The SPAC craze was a goldmine for sponsors like “SPAC King” Chamath Palihapitiya and Howard Lutnick. They were early to the game and benefited from a bull market that bolstered the industry with investors eager to pay large premiums for a pile of cash. Now that the bubble has burst, sponsors who “piled in during the boom in 2021” could lose billions, according to Jay Ritter, professor of finance at the University of Florida.

Sponsors on average could lose about $8 million of at-risk capital -- mostly fees for underwriters and others -- on each liquidation, Ritter says. With 646 active SPACs either hunting for targets or pushing to complete them, and an average of roughly eight deals completed a month this year, he expects more than 80% of SPACs will need to close down. 

That would result in losses of about $4.1 billion across the failed ventures. But that number may be closer to $5 billion given most recent SPACs essentially paid investors extra for buying into the initial public offering, Ritter says.

“A lot of these fairly sophisticated financial professionals were a bit guilty of chasing past returns,” Ritter said by phone. “Six months from now it might be worthwhile for a sponsor to take a SPAC public, but I’ve been scratching my head for the past 18 months over the rush to spend $8 million to get into an incredibly competitive market.”

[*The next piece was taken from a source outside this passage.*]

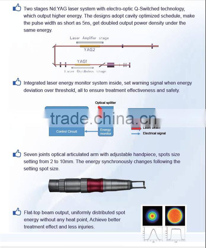 Our products Q Switched nd yag laser machine is TUV medical CE and ISO13485 qualified.

So far this year, 44 SPACs have closed and returned the billions they raised to investors, compared to just one over the same period in 2021. Dozens more are working to close up shop before the end of the year. 

Alec Gores, one of the most well-respected sponsors, said Thursday that three of his SPACs, which raised a combined $1.3 billion last year, want to shutter soon. While the firm is “committed to the SPAC product in the long-term,” it acknowledged the “current reset in the SPAC market is necessary in light of the activity over the past two years,” Gores said in a statement.

The issues for SPACs include a closed window for traditional IPOs and a battered economy, as well as pressures from US regulators. Before the boom days resulted in more than 800 new SPACs in a two-year period, the market had presented a niche opportunity for companies that wanted to go public without some of the caveats of an IPO. 

That turned upside down when stuck-at-home retail traders flush with cash and Wall Street pros looking to turn a quick profit took them mainstream.

Bubble Gets Burst

“This is bubble activity,” says Enrique Abeyta, of the billions in looming sponsor losses. Abeyta follows SPACs as editor of Empire Financial Research. “The vast majority of these SPACs are going to not do anything,” he said.

The fallout from failed efforts has hit experienced teams, those with little to no SPAC experience and the countless firms that tied their hopes to celebrities and athletes. Both Palihapitiya and Bill Foley have given up one two SPACs recently. Financier Patrick Orlando is clamoring to close the deal between Digital World Acquisition Corp. and Donald Trump’s media venture to avoid a third failed venture.

To be sure, many sponsors in the early days reaped massive benefits from their ventures. For the 284 SPACs that completed deals or closed from 2015 to September 2021, sponsors had an average net payoff of at least $46 million, according to a paper from Ritter and Minmo Gahng and Donghang Zhang. That means their total profits over that stretch were about $13 billion.

“Kind of like real estate investors in 2001-2008,” those who got in early did “very well on average,” while the group that was late to the party lost money, says Ritter.